7. MCP / dashboard: set_block_rules_global / set_block_rules_device accept maxRuns on each rule (tolerant parse, contract #3 parity). The dashboard block-rule editor exposes a "max runs" field and renders the auto-disabled state (a device-rule enabled=false or a blockRuleDisabled membership) distinctly from an operator-disabled rule.
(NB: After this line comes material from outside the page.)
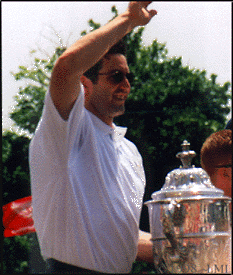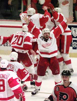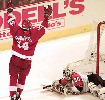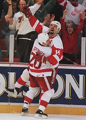 Whoa! Brendan! Not only is he very good-looking, but also very talented. Traded to Detroit on Oct.9th, 1996 from the Hartford Whalers, Brendan Shanahan got here just in time for the home opener."I went out to the rink and put my sweater on, I got there about 10min actually before warm-ups started...." Said Brendan. And Detroit was very lucky to get him. He became a key player during the regular season and the playoffs. He is as Intelligent off the ice as on, he is a very well-read man who often quotes Shakespeare in the lockeroom. His talents are well appreciated here in Detroit, and this is where Brendan belongs. "I was extremely excited to be a part of that (the Redwings) because I knew growing up what a history that town has for hockey"said Brendan about his first game as a Redwing.

Shipping a feature — the no-gap checklist

When you implement a user-visible feature, update the whole chain in the same change. Items 3–6 are the 5-surface parity rule — a dashboard capability must align across MCP + REST + WS + BusyBro:

Implement in the owning component (dashboard / proxy-server / iOS / cdp / supabase).
Schema? add a migration in supabase/migrations/; update every reader's types (contract 5).
MCP (surface 2): add/extend the tool in supabase/functions/_shared/mcpRegistry.ts so MCP keeps full parity (contract 3); update the documented tool count in README.md + CLAUDE.md.
REST (surface 3): if the feature added a table/view/RPC/Edge-Function, document it in the /rest explorer manifest (web/dashboard/app/(settings)/rest/manifest.ts).
WS (surface 4): if the feature added a Realtime channel/event the dashboard consumes, document it in the /ws explorer registry (web/dashboard/app/(settings)/ws/channels.ts) — the header count auto-derives from CHANNELS.length.
BusyBro (surface 5): confirm the new MCP tool flows to the brain (it consumes the same registry) and is not wrongly denylisted/curated-out in supabase/functions/_shared/busybroDispatch.ts (the shared REGISTRY_DENYLIST the brain imports); gating/confirm/ownership correct. The MINIMAL intentional exclusions are only raw power primitives (db_*/realtime_broadcast/list_tables), curated-superseded raw reads/writes (the brain owns a safer impl), and brain-native personal memory — documented, not gaps. Authoring/governance/settings tools are now exposed at their existing gates.
Docs: add/update the docs/ page (+ _meta.json) (contract 6).
Test (TEST-1): add/update the tester artifact — a SUITES[] suite in scripts/test-system.mjs + a notes/test-coverage-map.md row + the relevant tester/skills/test-<section>/SKILL.md entry; assert the failure/denied path too. A new MCP tool ALSO regenerates the golden (node scripts/mcp-golden.mjs --update, contract 13). node scripts/coverage-audit.mjs --strict must pass.
Version: bump only the changed component's build in version.json + its package.json (contract 2).
README: banner (●/○) + Component status table.
Notes: write notes/next-ship.md before node scripts/notify-telegram.mjs ship --component=<x>.
Audit: node scripts/sync-audit.mjs + node scripts/test-system.mjs contract must pass (exit 0). Then deploy.

Running the audit

node scripts/sync-audit.mjs            # full report, exit 1 on hard drift (CI-friendly)
node scripts/sync-audit.mjs --quiet   # prints only on drift (hooks)
node scripts/sync-audit.mjs --json    # machine-readable
 
# The tester's contract-tier drift detectors (TEST-1 — owned by the tester component):
node scripts/test-system.mjs contract  # sync-audit + content-parity + mcp-golden + source-enum-mirror + contracts-consistency + 5-surface-parity
node scripts/coverage-audit.mjs --strict   # every covered/partial row maps to a real, registered suite

Add a new machine-checkable contract here and in scripts/sync-audit.mjs (or a dedicated scripts/*.mjs detector registered in test-system.mjs's contract tier) together.